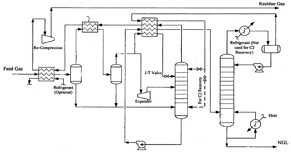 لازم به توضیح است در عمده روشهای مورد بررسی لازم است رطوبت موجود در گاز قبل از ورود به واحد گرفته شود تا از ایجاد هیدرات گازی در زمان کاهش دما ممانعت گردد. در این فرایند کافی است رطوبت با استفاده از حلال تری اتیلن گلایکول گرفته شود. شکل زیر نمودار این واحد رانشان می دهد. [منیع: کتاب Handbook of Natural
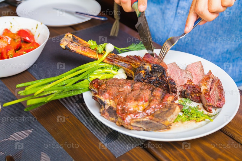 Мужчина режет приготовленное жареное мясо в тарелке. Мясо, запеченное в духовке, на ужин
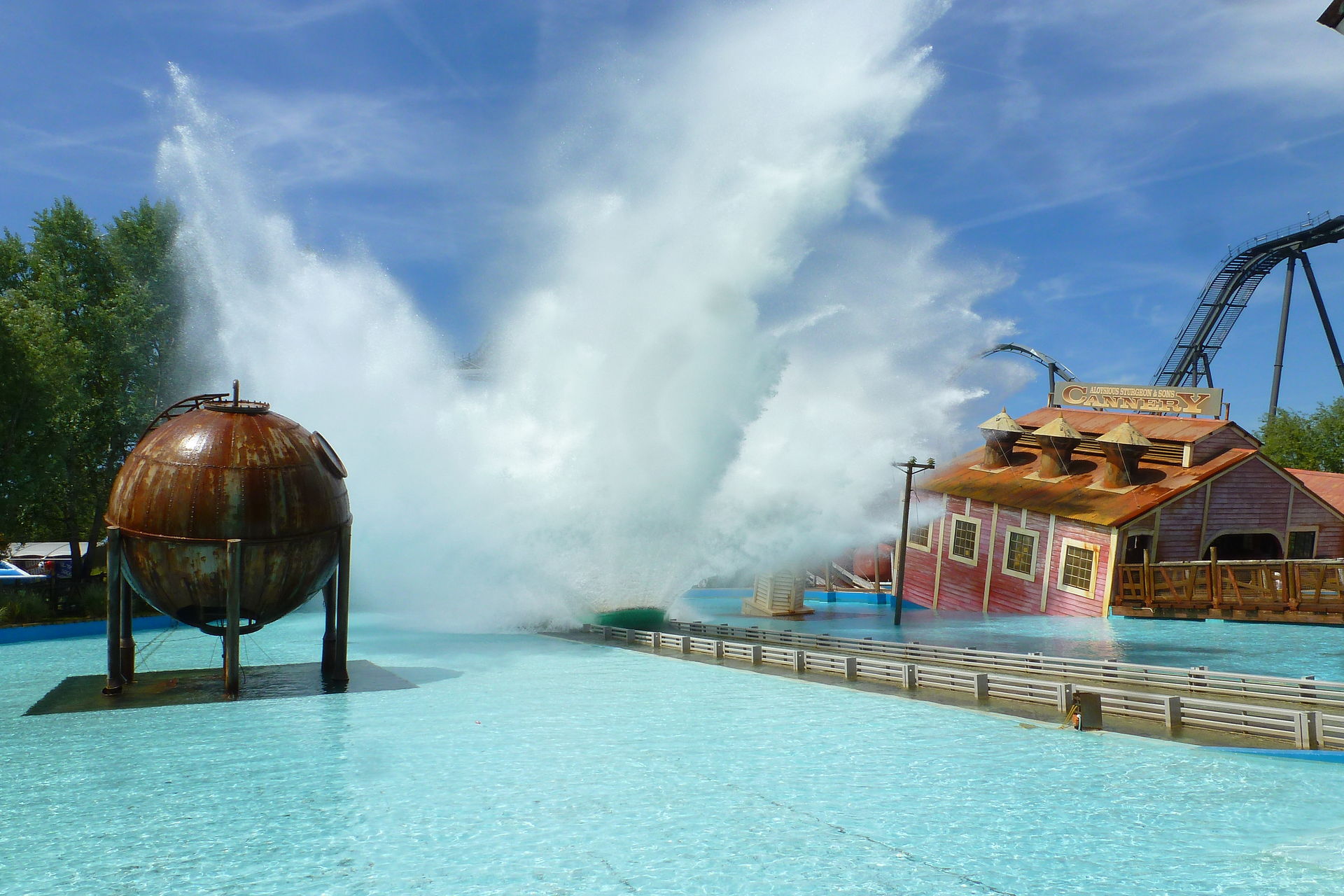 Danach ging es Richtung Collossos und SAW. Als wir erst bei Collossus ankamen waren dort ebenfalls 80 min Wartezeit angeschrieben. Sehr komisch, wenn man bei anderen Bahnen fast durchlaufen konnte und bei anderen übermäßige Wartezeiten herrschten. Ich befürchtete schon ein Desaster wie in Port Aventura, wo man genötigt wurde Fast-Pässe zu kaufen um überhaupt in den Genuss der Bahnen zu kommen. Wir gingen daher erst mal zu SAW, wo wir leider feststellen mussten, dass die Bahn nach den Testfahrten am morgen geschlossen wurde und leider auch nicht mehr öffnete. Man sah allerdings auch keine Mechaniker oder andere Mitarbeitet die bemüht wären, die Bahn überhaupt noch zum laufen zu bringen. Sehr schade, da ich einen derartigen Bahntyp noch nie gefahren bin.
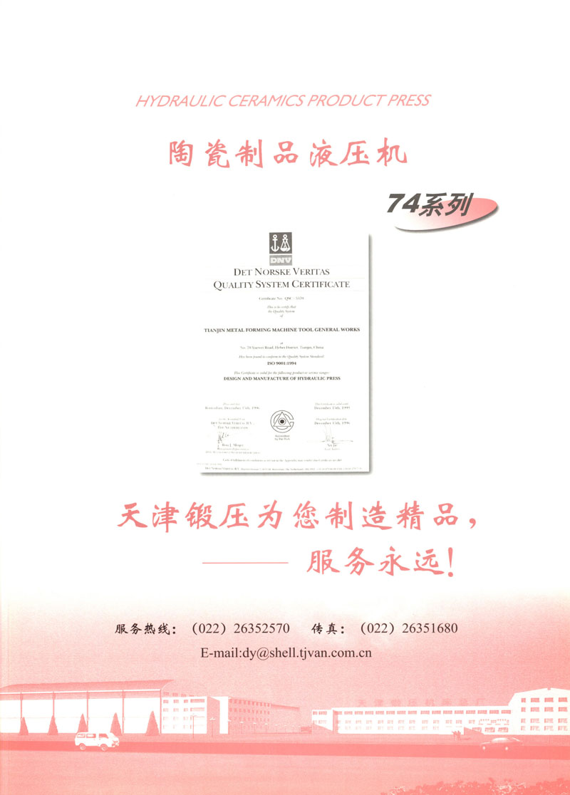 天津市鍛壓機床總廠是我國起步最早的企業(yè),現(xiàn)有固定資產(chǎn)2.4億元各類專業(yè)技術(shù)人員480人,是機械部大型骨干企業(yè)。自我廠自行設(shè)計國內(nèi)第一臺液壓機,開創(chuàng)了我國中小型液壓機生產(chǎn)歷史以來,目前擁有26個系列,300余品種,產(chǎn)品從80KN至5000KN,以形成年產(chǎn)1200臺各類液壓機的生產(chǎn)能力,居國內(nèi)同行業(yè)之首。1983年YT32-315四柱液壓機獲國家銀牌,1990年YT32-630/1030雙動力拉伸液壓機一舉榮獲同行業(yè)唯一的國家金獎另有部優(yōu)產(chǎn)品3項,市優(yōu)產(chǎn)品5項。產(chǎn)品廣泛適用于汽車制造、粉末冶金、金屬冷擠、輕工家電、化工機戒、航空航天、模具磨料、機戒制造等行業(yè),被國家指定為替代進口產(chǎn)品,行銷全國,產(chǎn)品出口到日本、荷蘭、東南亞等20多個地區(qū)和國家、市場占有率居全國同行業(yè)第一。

#### REQUIREMENT
Everything above should be given again exactly, apart from the pictures.

#### EXERCISE ANSWER
 لازم به توضیح است در عمده روشهای مورد بررسی لازم است رطوبت موجود در گاز قبل از ورود به واحد گرفته شود تا از ایجاد هیدرات گازی در زمان کاهش دما ممانعت گردد. در این فرایند کافی است رطوبت با استفاده از حلال تری اتیلن گلایکول گرفته شود. شکل زیر نمودار این واحد رانشان می دهد. [منیع: کتاب Handbook of Natural
 Мужчина режет приготовленное жареное мясо в тарелке. Мясо, запеченное в духовке, на ужин
 Danach ging es Richtung Collossos und SAW. Als wir erst bei Collossus ankamen waren dort ebenfalls 80 min Wartezeit angeschrieben. Sehr komisch, wenn man bei anderen Bahnen fast durchlaufen konnte und bei anderen übermäßige Wartezeiten herrschten. Ich befürchtete schon ein Desaster wie in Port Aventura, wo man genötigt wurde Fast-Pässe zu kaufen um überhaupt in den Genuss der Bahnen zu kommen. Wir gingen daher erst mal zu SAW, wo wir leider feststellen mussten, dass die Bahn nach den Testfahrten am morgen geschlossen wurde und leider auch nicht mehr öffnete. Man sah allerdings auch keine Mechaniker oder andere Mitarbeitet die bemüht wären, die Bahn überhaupt noch zum laufen zu bringen. Sehr schade, da ich einen derartigen Bahntyp noch nie gefahren bin.
 天津市鍛壓機床總廠是我國起步最早的企業(yè),現(xiàn)有固定資產(chǎn)2.4億元各類專業(yè)技術(shù)人員480人,是機械部大型骨干企業(yè)。自我廠自行設(shè)計國內(nèi)第一臺液壓機,開創(chuàng)了我國中小型液壓機生產(chǎn)歷史以來,目前擁有26個系列,300余品種,產(chǎn)品從80KN至5000KN,以形成年產(chǎn)1200臺各類液壓機的生產(chǎn)能力,居國內(nèi)同行業(yè)之首。1983年YT32-315四柱液壓機獲國家銀牌,1990年YT32-630/1030雙動力拉伸液壓機一舉榮獲同行業(yè)唯一的國家金獎另有部優(yōu)產(chǎn)品3項,市優(yōu)產(chǎn)品5項。產(chǎn)品廣泛適用于汽車制造、粉末冶金、金屬冷擠、輕工家電、化工機戒、航空航天、模具磨料、機戒制造等行業(yè),被國家指定為替代進口產(chǎn)品,行銷全國,產(chǎn)品出口到日本、荷蘭、東南亞等20多個地區(qū)和國家、市場占有率居全國同行業(yè)第一。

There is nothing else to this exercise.